* _TASK PROMPT_
Up to and including the line with "Thessaloniki International Book", restate every line of the records below word for word, from the first line on, leaving out the pictures.

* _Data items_
————————
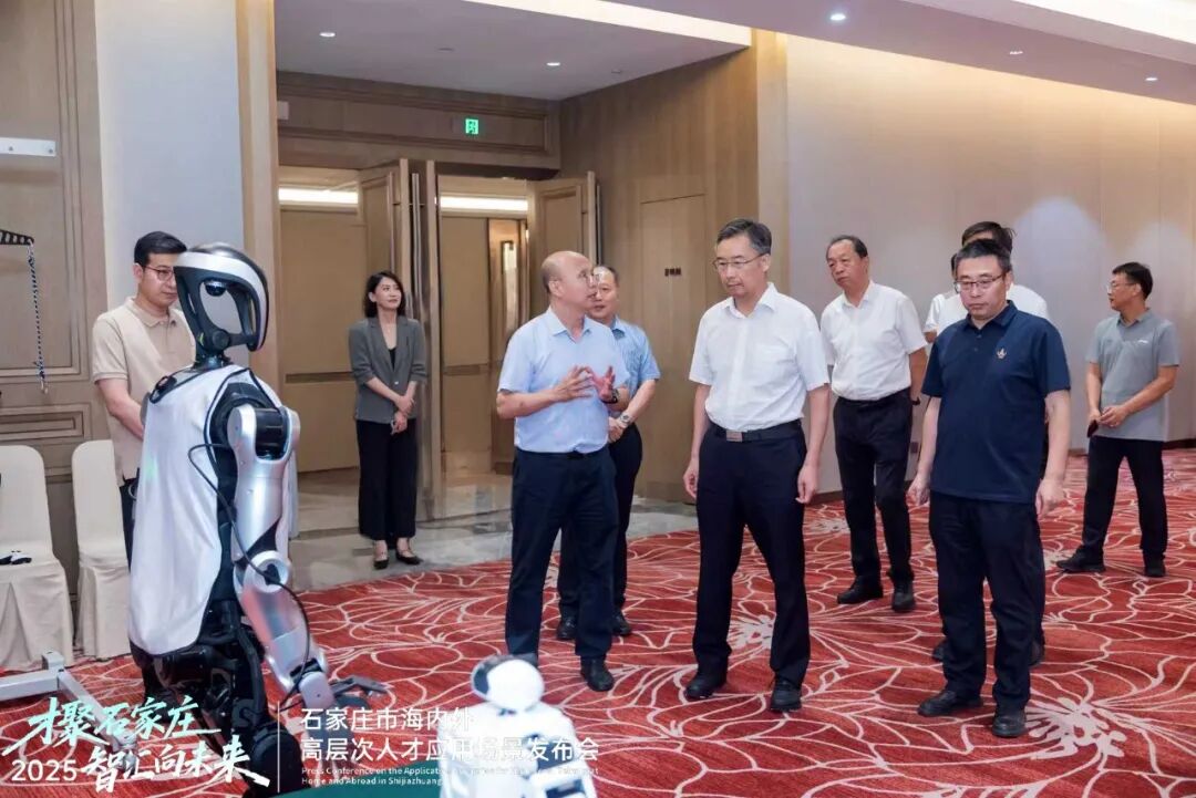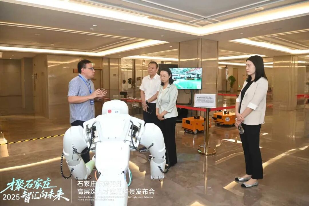 会前,王现坤、李为军、董玉慧等领导分别参观了校企协同创新建设成效展,来自深圳乐聚机器人公司的人形机器人,来自河北工业大学的具身智能康养机器人、新能源无人驾驶车、智能微针眼贴等项目,获得领导和参展嘉宾的一致好评。
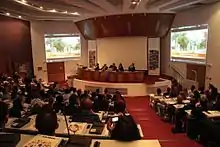 Thessaloniki International Book Fair (TBF) was established in 2004 by EKEVI and since 2014 is under the aegis of HFC. The International Book Fair attracts every year more than 400 publishers, delegations from 30 countries, 65.000 visitors and take place 200 cultural events.[11] Through TBF the Hellenic Foundation for Culture participates in International Book Fairs abroad such as in Frankfurt, in Istanbul, in Kyiv and in Belgrade.[12][13][14][15]
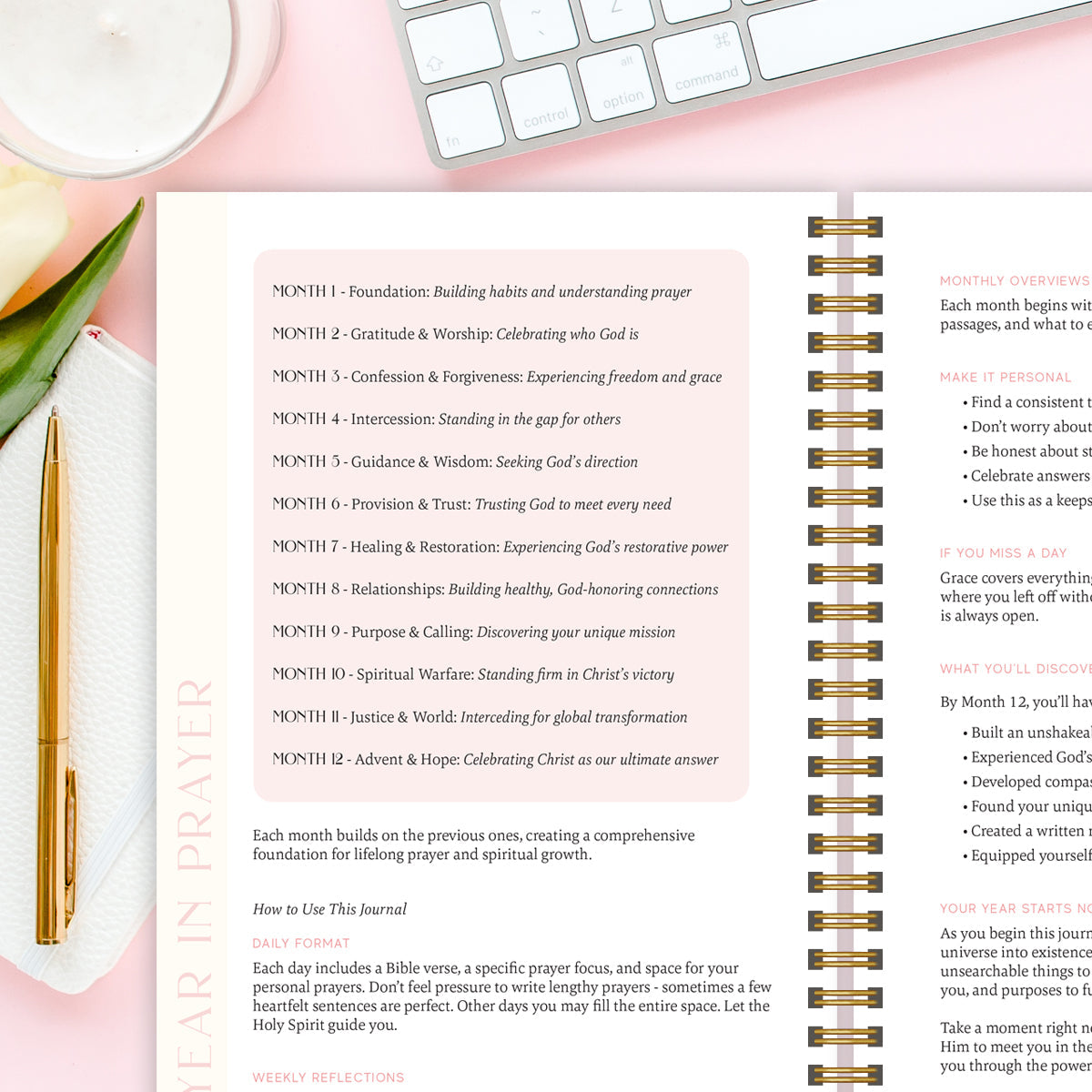 Each day offers a meaningful Scripture passage and guided reflection to help you draw closer to God through prayer. These prompts are designed to keep you consistent, focused, and inspired throughout your year of spiritual growth.
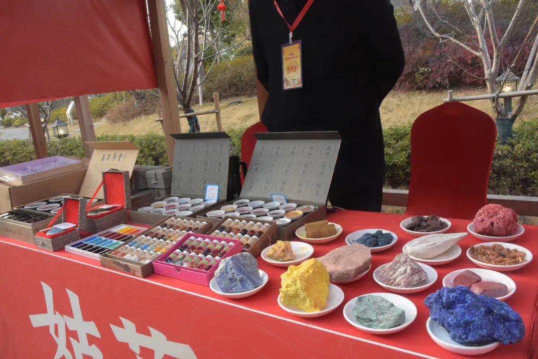 此次大會,張佰林不僅帶來了各色原材料,還帶來了多款針對不同用戶需求的12色國畫顏料,以及印泥、礦石標本等品類的相關產品。現場,他還積極與大家分享國畫顏料制作的工藝流程和產品特色,并邀請有興趣的市民游客去工廠體驗。
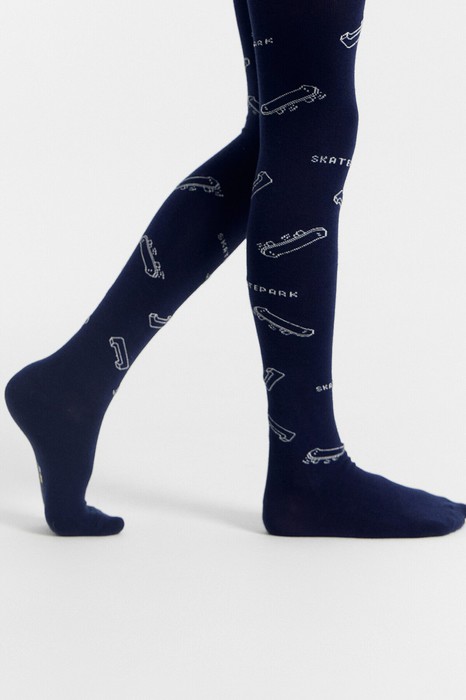 Гладкие колготки с рисунком в виде скейтов.
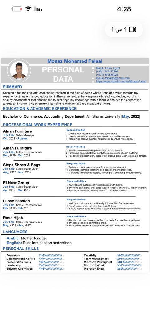 محترف مبيعات وتسويق بخبرة متعددة في التلي سيلز، السوشيال ميديا، والمجال السياحي. امتلك سجلا قويا في رفع نسب المبيعات، جذب عملاء جدد، وتحسين صورة البراند اونلاين. أسعى للانضمام الى شركة طموحة أكون فيها اضافة حقيقية وأحقق نموا مستداما
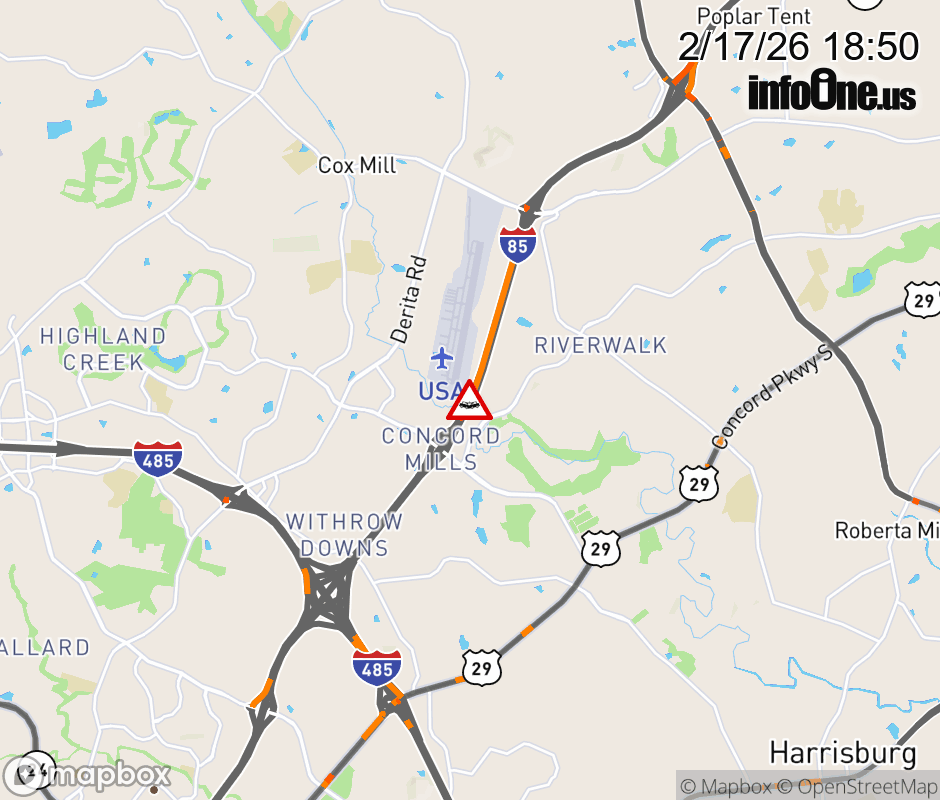 The two right lanes are closed prior to Exit 49 (Bruton Smith Blvd). Updated: Tue 2/17/26 6:50 PM EST ![]() Updated: Tue 2/17/26 6:50 PM EST |
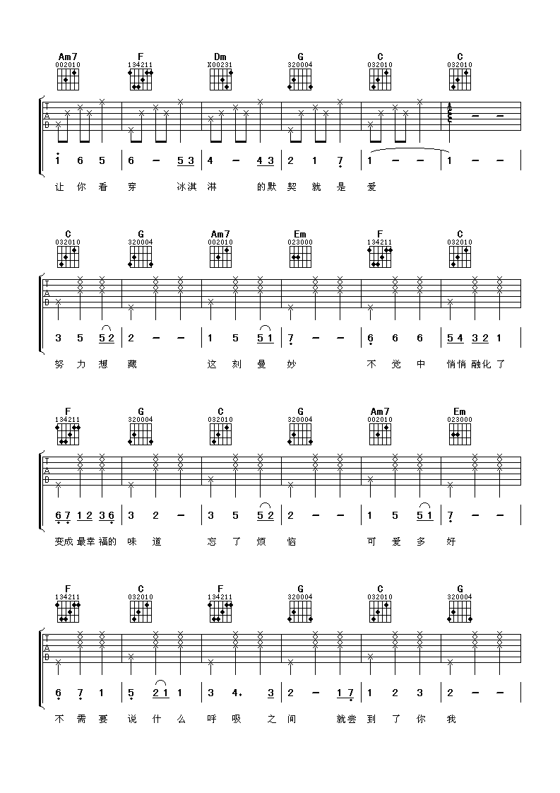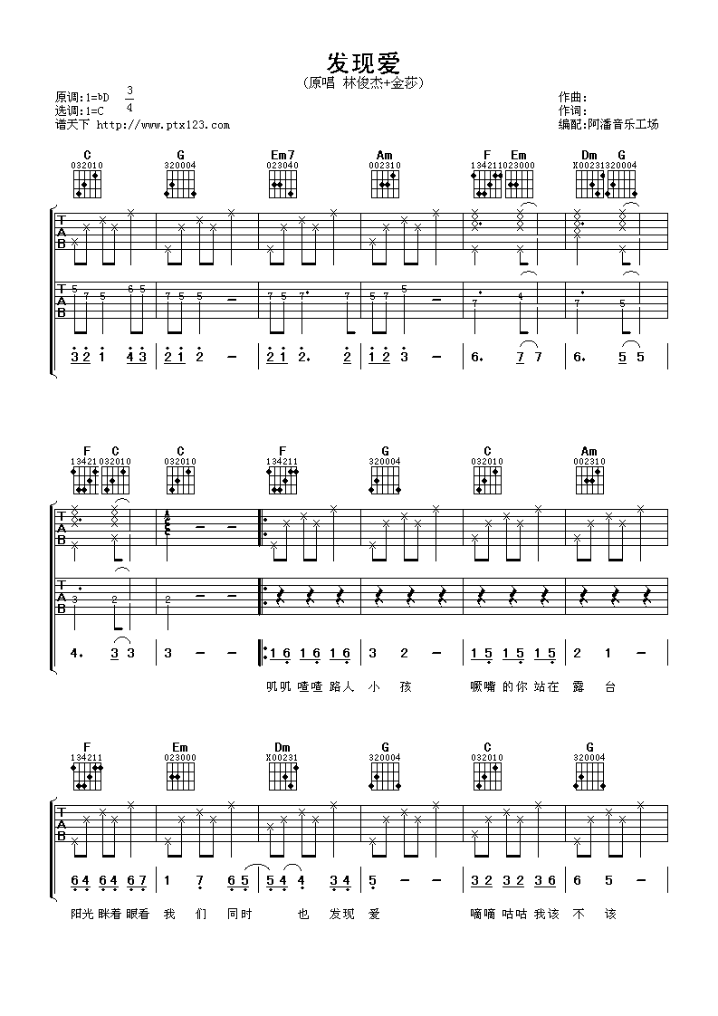 曲谱介绍: 林俊杰《发现爱》吉他弹唱谱,采用C调指法编配,阿潘音乐工场编配出品,共有4张高清图谱。
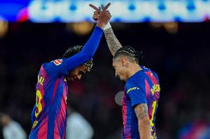 體育資訊12月14日訊 西甲第16輪,巴薩2-0奧薩蘇納,本場(chǎng)拉菲尼亞梅開(kāi)二度包攬球隊(duì)的全部進(jìn)球,還打入一粒精彩遠(yuǎn)射。
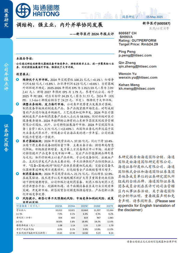 调整业务结构,发力海外市场。公司集中优势重点发展医疗器械、制药装备等板块的制造类产品,各产品线紧跟市场需求,对形成销售的产品进行快速升级换代、工艺改进和延伸开发,2024年医疗器械制造类产品和制药装备产品收入占比为58.93%,同时积极对医疗服务瘦身健体,2024年挂牌转让持有的山东新华昌国医院投资管理有限公司股权。此外,公司持续拓展海外市场,2024年实现国际业务(自营)收入2.71亿元(+12.43%),而国际业务毛利率远高于国内业务毛利率水平,伴随着公司出海品类的进一步丰富,公司的盈利能力有望进一步提升。
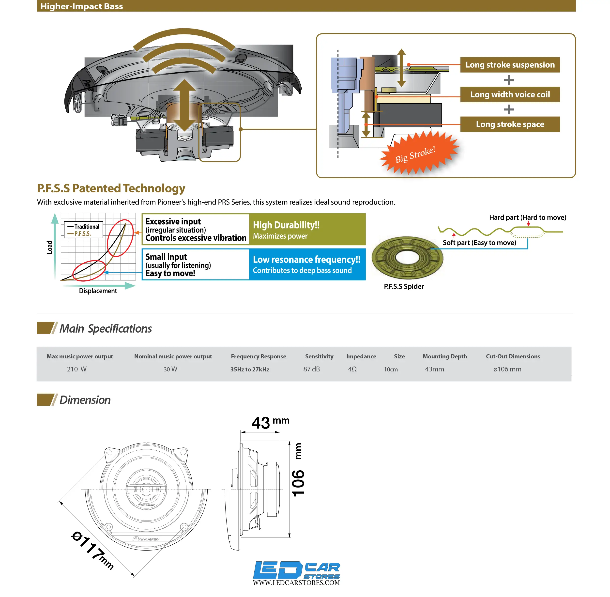 Pioneer 的 GRADE G 系列汽车高音扬声器旨在为您的汽车音响系统提供高品质声音. 该放大器的尺寸相对较小 (10 厘米或 4 英寸) 并且易于安装,适合许多汽车扬声器孔,特别是那些空间有限的.
————————
* _SOLUTION TO THIS PROBLEM_
 会前,王现坤、李为军、董玉慧等领导分别参观了校企协同创新建设成效展,来自深圳乐聚机器人公司的人形机器人,来自河北工业大学的具身智能康养机器人、新能源无人驾驶车、智能微针眼贴等项目,获得领导和参展嘉宾的一致好评。
 Thessaloniki International Book Fair (TBF) was established in 2004 by EKEVI and since 2014 is under the aegis of HFC. The International Book Fair attracts every year more than 400 publishers, delegations from 30 countries, 65.000 visitors and take place 200 cultural events.[11] Through TBF the Hellenic Foundation for Culture participates in International Book Fairs abroad such as in Frankfurt, in Istanbul, in Kyiv and in Belgrade.[12][13][14][15]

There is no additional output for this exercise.